Note that $\mathbf{R_{XX}}$ is just the Cholesky factor of $\mathbf{X^\prime X}$ which was previously calculated and the vector $\mathbf{r_{Xy}}$ is the solution to $\mathbf{R^\prime v}=\mathbf{X^\prime y}$.  The minimum sum of squares is $r^{\mathbf{yy}}$ which is attained when $\mathbf{\beta}$ is the solution to
$$\mathbf{R_{XX}}\widehat{\beta}=\mathbf{r_{Xy}}$$

In [None]:
RXX = UpperTriangular(view(cha.U, 1:2, 1:2))

In [None]:
RXX ≈ ch.U

In [None]:
rXy = cha.U[1:2, end]     # creates a copy ("view" doesn't copy)

In [None]:
rXy ≈ v

In [None]:
βac = ldiv!(RXX, copy(rXy))     # least squares solution from the augmented Cholesky

In [None]:
βac ≈ β

In [None]:
abs2(cha.U[end,end]) ≈ sum(abs2, y - X*β)   # check on residual sum of squares

One reason for writing the least squares solution in this way is that we will use a similar decomposition for linear mixed models later.  Another is that when dealing with very large data sets we may wish to parallelize the calculation over many cores or over many processors.  The natural way to parallelize the calculation is in blocks of rows and the augmented Cholesky can be formed row by row using a `lowrankupdate`.

### A row-wise approach to least squares

To show this we create a row-oriented table from our `Formaldehyde` data set, which is in a column-oriented format.

In [None]:
Formrows = Tables.rowtable(Formaldehyde)

then initialize a Cholesky factor and zero out its contents

In [None]:
chr = cholesky(zeros(3, 3) + I)  # initialize

In [None]:
fill!(chr.factors, 0);   # zero out the contents
chr

Update by rows

In [None]:
fill!(chr.factors, 0)
for r in Formrows
    lowrankupdate!(chr, [1.0, r.carb, r.optden])
end
chr

This is the same augmented Cholesky factor as before but obtained in a different way.  For generalized linear mixed models and for nonlinear mixed models it can be an advantage to work row-wise when performing some of the least squares calculations.

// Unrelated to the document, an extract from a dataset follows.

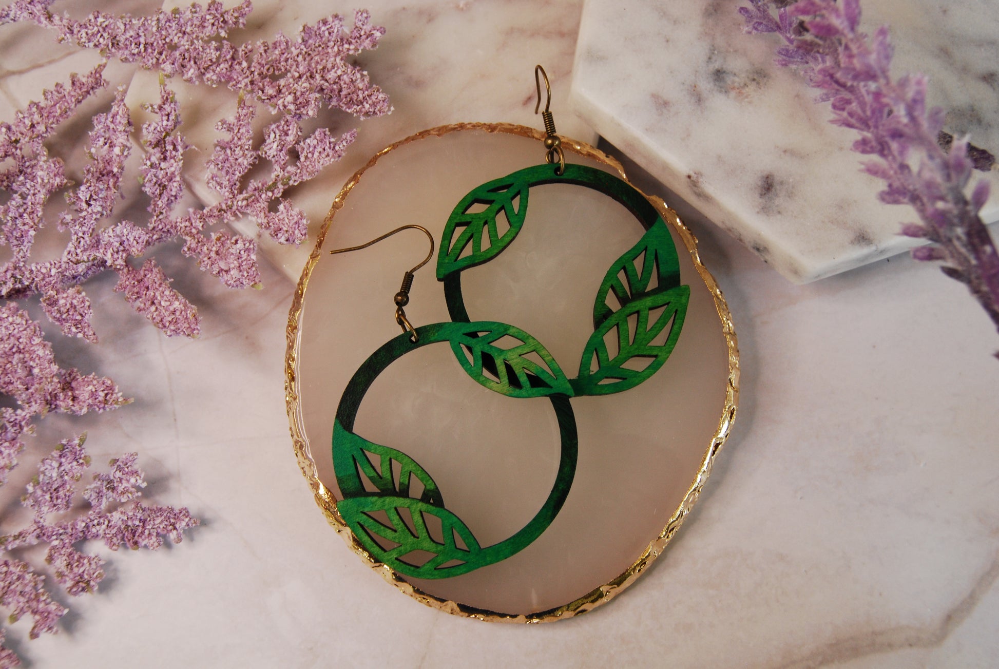Hand Painted Leaf Hoop Earrings

### Other decompositions for least squares solutions

There are other ways of solving a least squares problem, such as using an _orthogonal-triangular_ decomposition, also called a _QR_ decomposition, or a singular value decomposition.  The bottom line is that we decompose $\mathbf{X}$ or $\mathbf{X^\prime X}$ into some convenient product of orthogonal or triangular or diagonal matrices and work with those.  Just to relate these ideas, the _QR_ decomposition of $\mathbf{X}$ is

In [None]:
qrX = qr(X)

Notice that the `R` factor is the upper Cholesky factor of $\mathbf{X^\prime X}$ with the first row multiplied by -1 so its transposed product with itself is $\mathbf{X^\prime X}$.

In [None]:
qrX.R'qrX.R

That is,

In [None]:
qrX.R'qrX.R ≈ xpx

The original solution for $\widehat{\mathbf{\beta}}$ from the expression `X\y` is actually performed by taking a QR decomposition of `X`.